» Data supplied

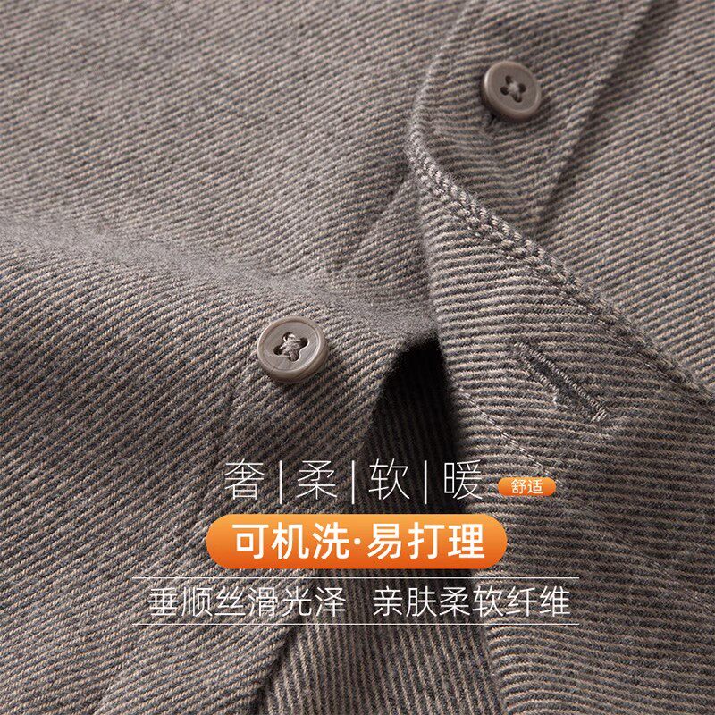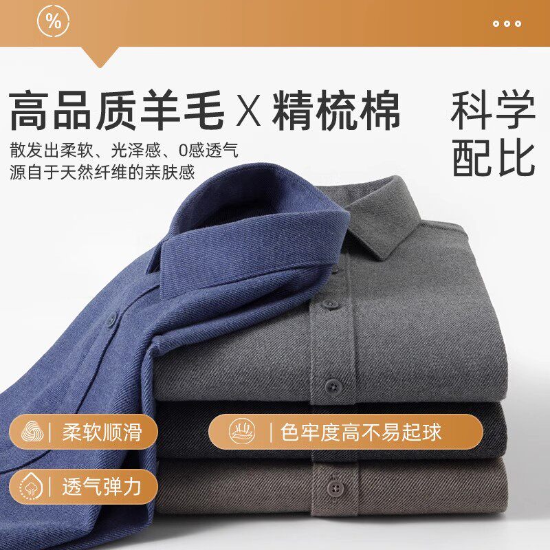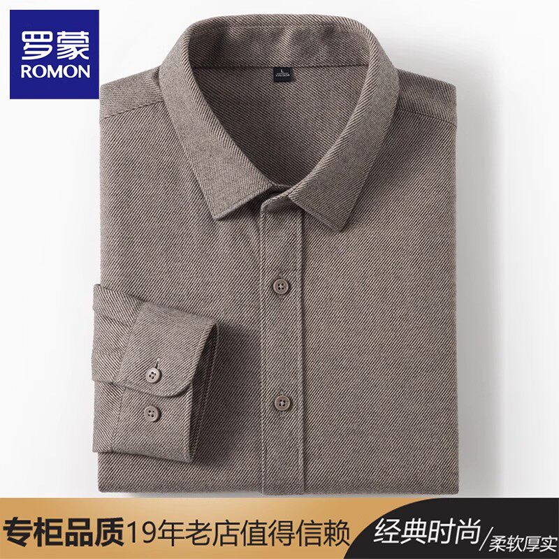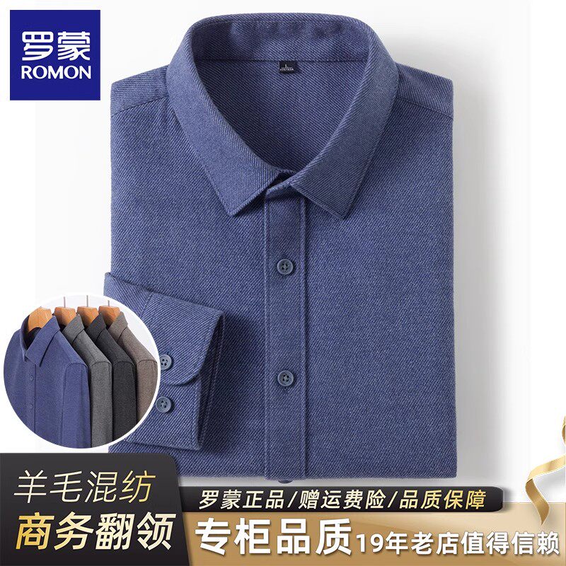 📚 【可机洗绵羊毛】罗蒙男士长袖衬衫中年商务职业正装磨毛厚款衬衣
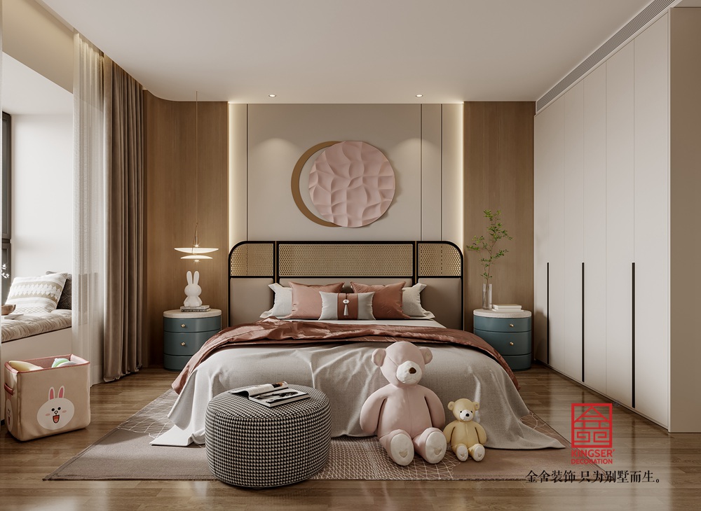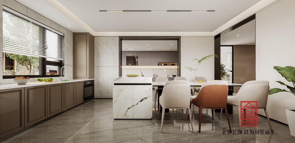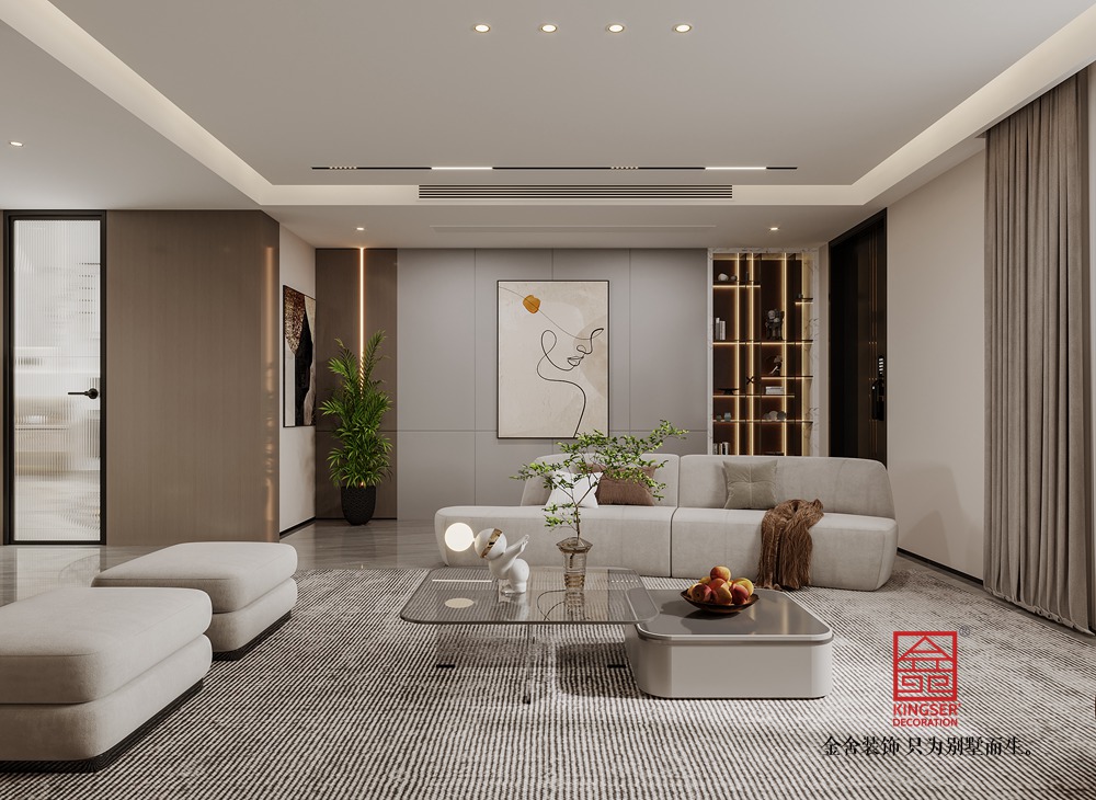 該別墅客廳設(shè)計(jì)遵循現(xiàn)代輕奢與極簡(jiǎn)融合的思路。整體色調(diào)選取低飽和度的暖棕、米白等,構(gòu)建出雅致柔和的基底。大面積的墻面采用簡(jiǎn)潔的板材設(shè)計(jì),干凈利落,與嵌入其中的電視及兩側(cè)帶有燈光點(diǎn)綴的收納格相配合,既滿足實(shí)用需求,又通過(guò)光影變化營(yíng)造出輕奢氛圍。
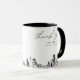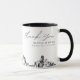 Modern Houston skyline coffee mug favour gift with "thank you" script. The design showcases a stunning sketch with the ability to customise your names and exact location. Enter the Zazzle design tool for additional customisations.
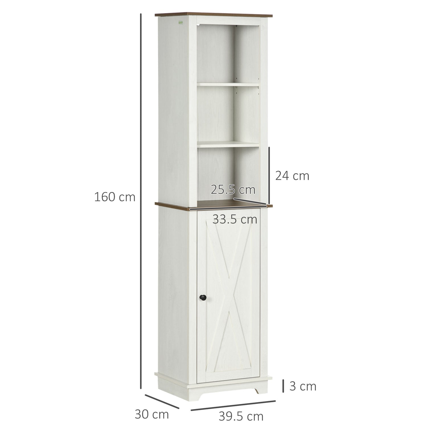 kleankin Bathroom Cabinet, Tall Storage Cabinet with Door and Adjustable Shelves, 39.5 x 30 x 160 cm, White
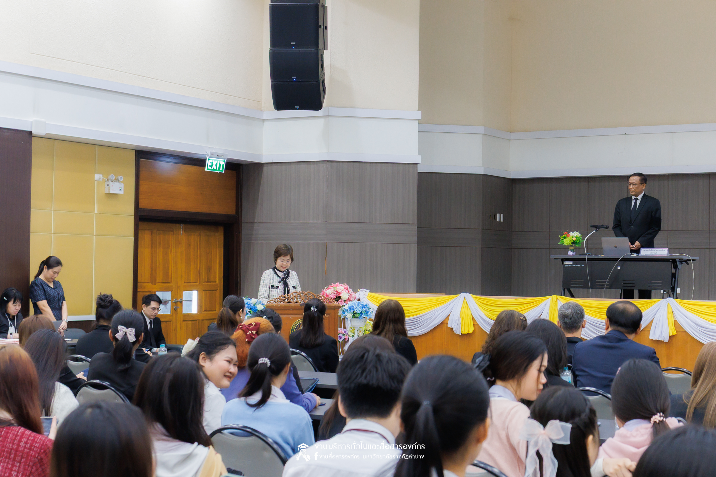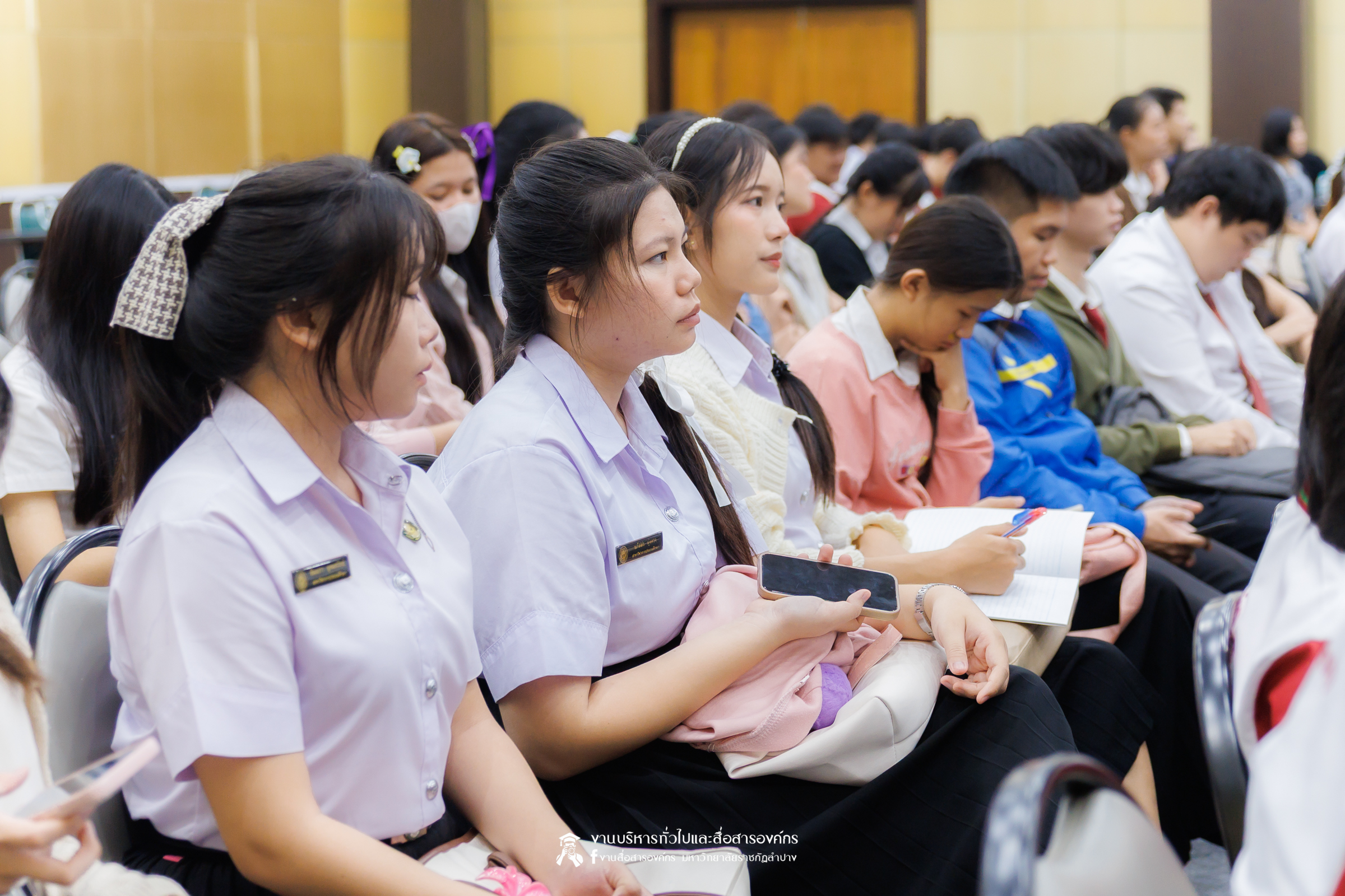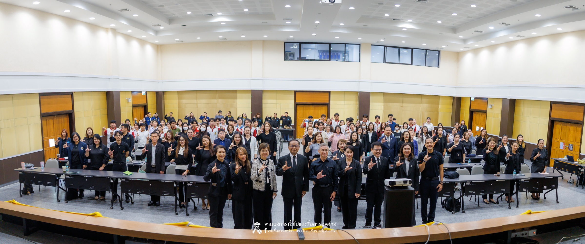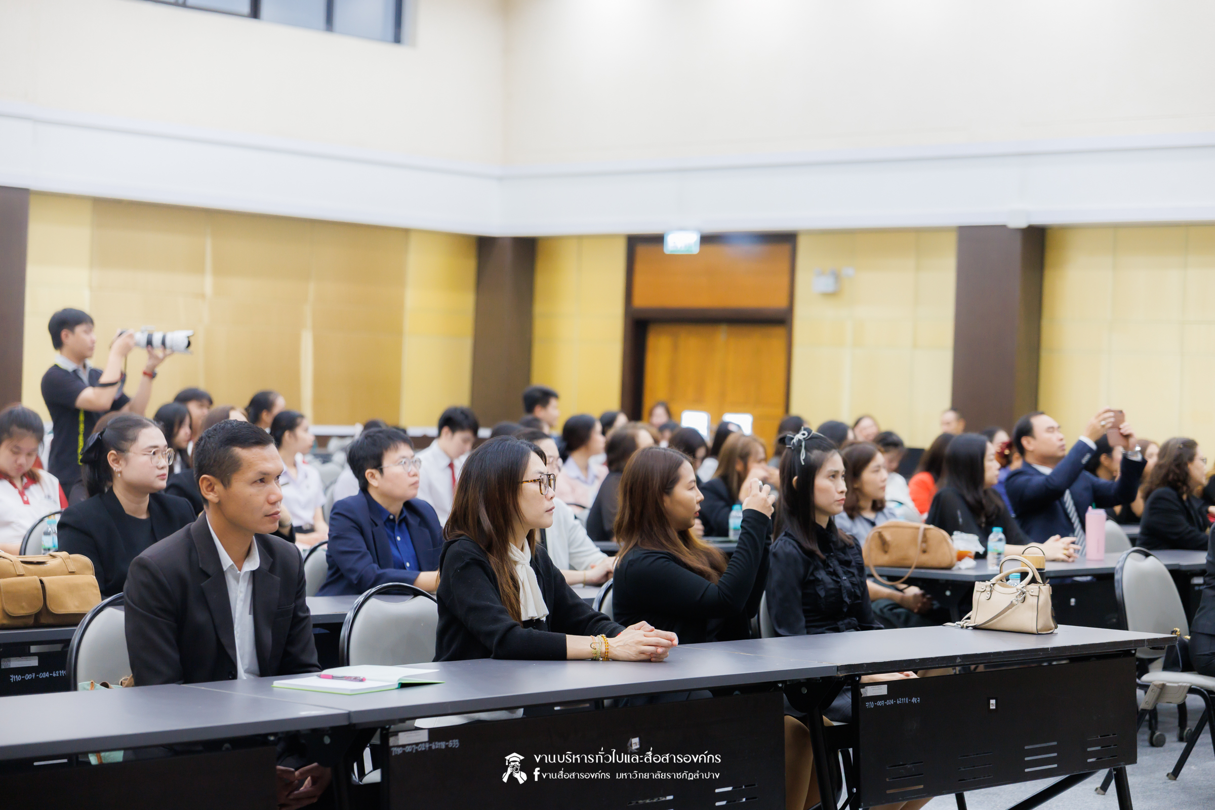 เมื่อวันที่ 6 พฤศจิกายน 2568 รศ.ดร.กิตติศักดิ์ สมุทธารักษ์ อธิการบดีมหาวิทยาลัยราชภัฏลำปาง เป็นประธานเปิด “มหกรรมจิตตปัญญา ครั้งที่ 4” โครงการหยั่งรากจิตตปัญญาสู่สังคมแห่งความสุข ณ ห้องประชุมเอื้องหลวง อาคาร 52 คณะครุศาสตร์และคณะมนุษยศาสตร์และสังคมศาสตร์ มหาวิทยาลัยราชภัฏลำปาง โดย อ.ดร.จิรัฐกาล พงศ์ภคเธียร ผู้ช่วยผู้อำนวยการฝ่ายขับเคลื่อนจิตตปัญญาศึกษา ศูนย์จิตตปัญญาศึกษา มหาวิทยาลัยมหิดล กล่าวรายงานวัตถุประสงค์ พร้อมกันนี้ รศ.ดร.ฟิสิกส์ ฌอณ บัวกนก คณบดีคณะครุศาสตร์ พร้อมด้วยผู้บริหาร คณาจารย์ และนักศึกษาสาขาวิชาจิตวิทยาการศึกษาและการแนะแนว และสาขาวิชาดนตรีศึกษา หลักสูตรตรุศาสตร์บัณฑิต เข้าร่วมในกิจกรรมครั้งนี้ นอกจากนี้ยังมีคณาจารย์หลักสูตรครุศาสตรบัณฑิต จากมหาวิทยาลัยราชภัฏภาคเหนือ 8 แห่ง และ มหาวิทยาลัยราชภัฏเครือข่าย อาทิ มหาวิทยาลัยราชภัฏเลย มหาวิทยาลัยราชภัฏอุดรธานี และมหาวิทยาลัยราชภัฏภูเก็ต เข้าร่วม
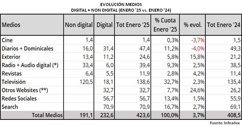 Durante el mes de enero de 2025, la inversión publicitaria ha alcanzado los 423,6 millones de euros, un 3,7% superior que en el periodo equivalente del año anterior cuando el volumen registrado fue de 408,5 millones de euros.

» What the task asks
Restate the material word for word from its first line through the line containing "該別墅客廳設(shè)計(j", both included; the pictures do not belong in it.

» Result
 📚 【可机洗绵羊毛】罗蒙男士长袖衬衫中年商务职业正装磨毛厚款衬衣
 該別墅客廳設(shè)計(jì)遵循現(xiàn)代輕奢與極簡(jiǎn)融合的思路。整體色調(diào)選取低飽和度的暖棕、米白等,構(gòu)建出雅致柔和的基底。大面積的墻面采用簡(jiǎn)潔的板材設(shè)計(jì),干凈利落,與嵌入其中的電視及兩側(cè)帶有燈光點(diǎn)綴的收納格相配合,既滿足實(shí)用需求,又通過(guò)光影變化營(yíng)造出輕奢氛圍。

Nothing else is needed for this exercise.